Тот сдержанно улыбнулся.
– Надеюсь…
И вскоре, когда пареньку исполнилось семнадцать, он уехал из Гленарма.
Затем был Белфаст, долгая учеба в специальной школе-интернате, потом – Дублин, католический колледж и принятие сана.
Таковы были те отрывочные воспоминания детства и юности аббата О'Коннера, о которых он в тот день поведал мистеру Хартгейму.
Да, они были теплы и сладостны, как всякие воспоминания о прошедших временах, когда кажется, что жизнь бесконечна, что ты всегда будешь любить ее и быть ею любимым, что невзгоды и несчастья никогда не постигнут тебя.
Но всякий раз, когда Джон вспоминал свое детство, своих родителей, дорогу на консервный завод, море, школу, лов сельди – всякий раз к этому воспоминанию примешивалась какая-то горечь…
Дойдя до этого момента своей биографии, Джон неожиданно замолчал.
Лион, доселе ни разу не перебивший своего собеседника, осторожно поинтересовался:
– А потом что, мистер О'Коннер?
Тот вздохнул – по этому вздоху Лион понял, что вопрос его, при всей откровенности собеседника, мог быть воспринят как проявление нетактичности.
После непродолжительной паузы О'Коннер поднял на Лиона глаза.
– Не знаю, но мне все время кажется, что я – неудачник, – произнес аббат.
– Почему? – спросил Лион.
– Я много думал, много мечтал, строил планы, но ни один из них так и не был осуществлен…
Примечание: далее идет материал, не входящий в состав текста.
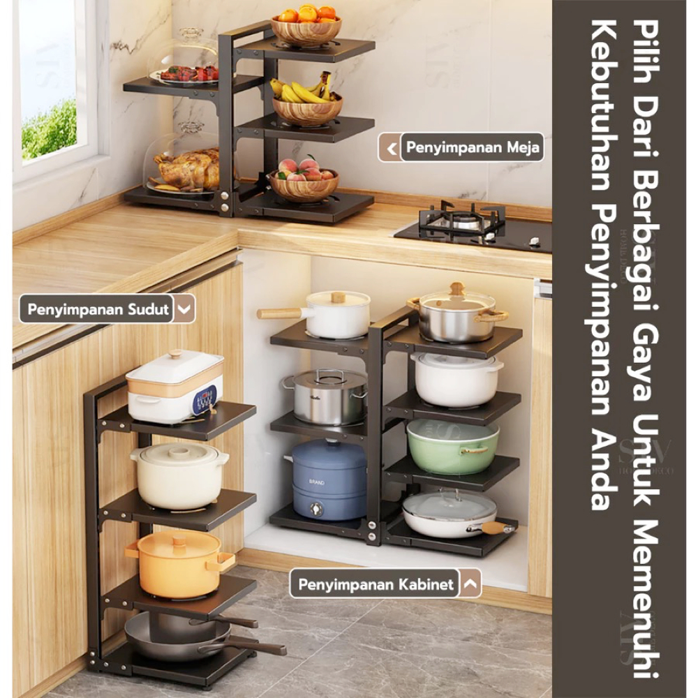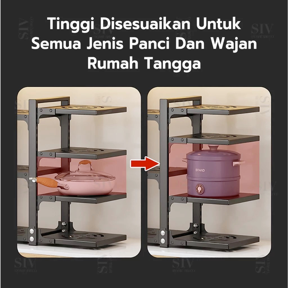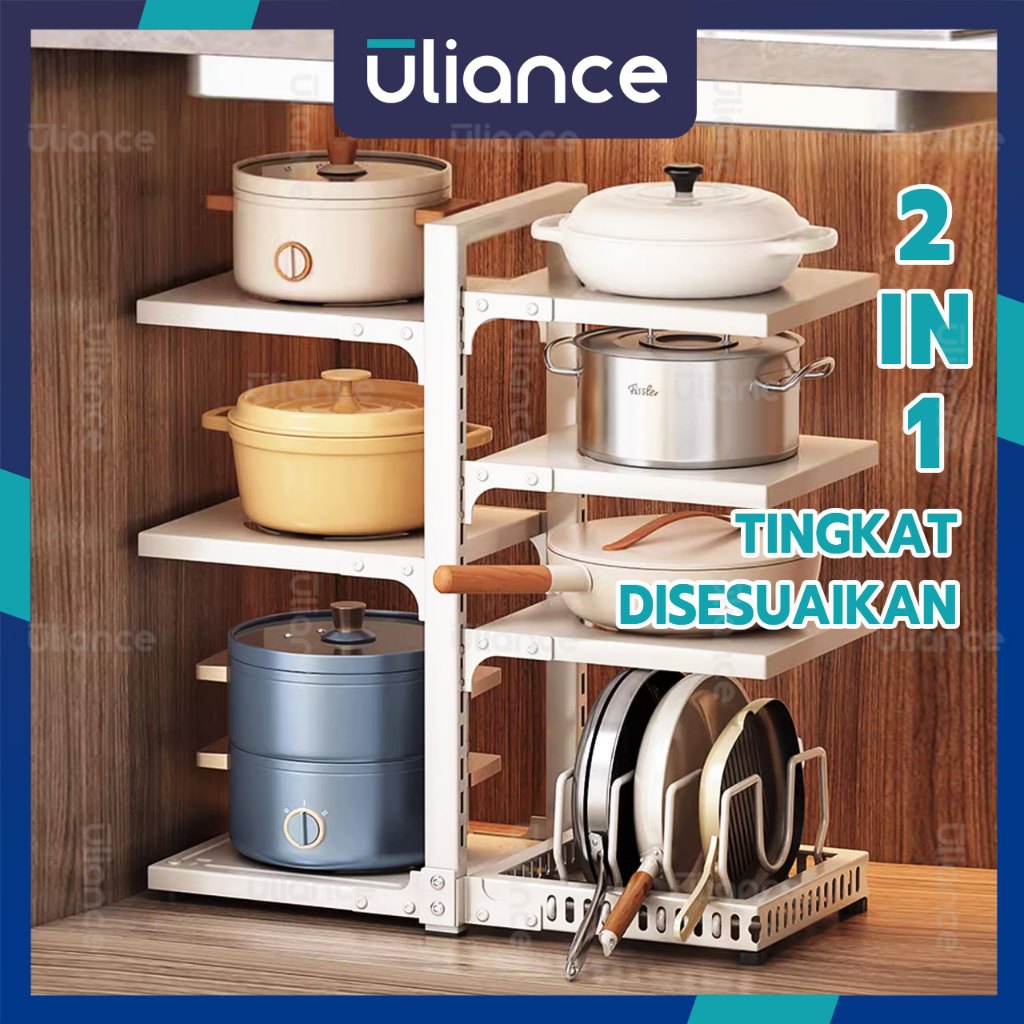 ULIANCE Rak Panci Wastafel Dapur Di Bawah Rak Rak Pot Rak Panci Susun Rak Bawah Wastafel Rak Dapur Stainless Steel (3/4/
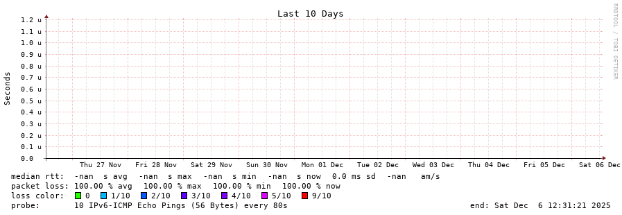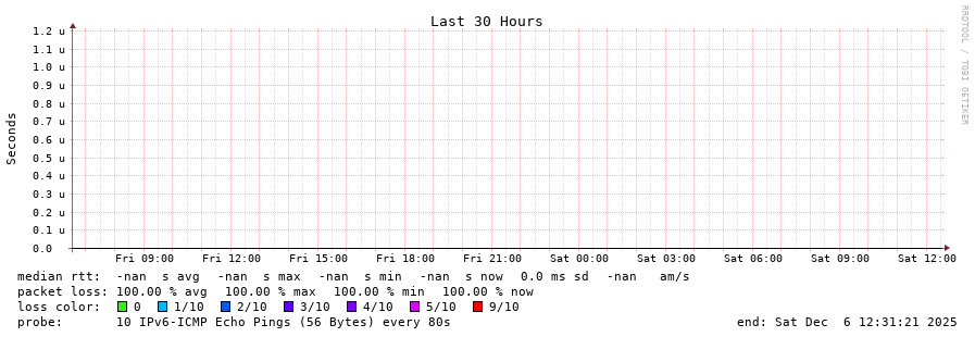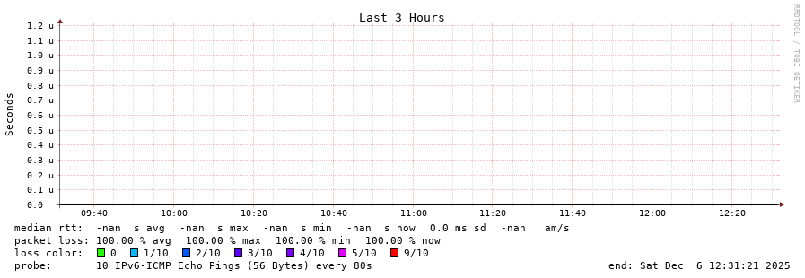 traceroute to fd69:226f:3a3c::2 (fd69:226f:3a3c::2), 30 hops max, 80 byte packets - Generated at 2025-12-06 12:15:01 3 > 4 > 5 > 6 > 7 > 8 > 9 > 10 > 11 > 12 > 13 > 14 > 15 > 16 > 17 > 18 > 19 > 20 > 21 > 22 > 23 > 24 > 25 > 26 > 27 > 28 > 29 > 30 >
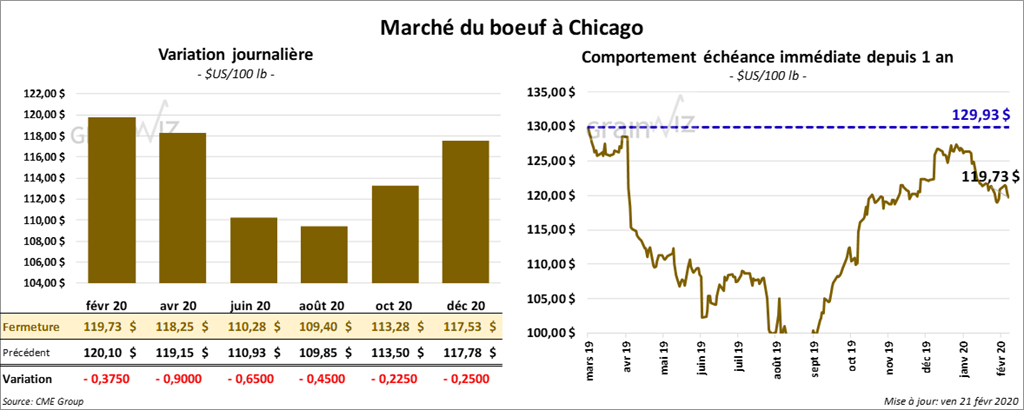 Les contrats de bœuf US aux échéances les plus rapprochées ont terminé la session avec des pertes de 37 à 90 cents. Sur la semaine, le contrat avril 20 a reculé de 1,10 $. Les contrats de veau US aux échéances les plus rapprochées ont clôturé en baisse de 42 à 72 cents. Pour le contrat mars 20, la baisse d’aujourd’hui n’a pas effacé le gain de la semaine de 1,67 $.

Лион мягко улыбнувшись, произнес:
– Но почему? Ваши планы осуществлены… во всяком случае – ваша детская мечта стать аббатом. Ведь вы, мистер О'Коннер, хотели стать священником – вы стали им… Вы хотели получить именно ирландский приход – теперь вы настоятель единственного католического храма, здесь в Оксфорде… Разве всего этого мало?
– Мало, – ответил тот.
– Но почему? Чего же вам не хватает? Поднявшись со скамейки, аббат взялся обеими руками за ее изогнутую резную спинку и, задумчиво посмотрев на собеседника, произнес:
– Не знаю, но у меня постоянно возникает ощущение, будто бы моей жизнь кто-то руководит… Нет, не Бог, – поспешно поправился он, – если бы он… Просто я хочу сказать, – продолжил Джон, – что я еще не сделал в жизни ни одного самостоятельного поступка.
Хартгейм насторожился.
То, что он услышал от аббата, не только перекликалось с его собственными мыслями, но было тождественно его взгляду на свой жизненный путь.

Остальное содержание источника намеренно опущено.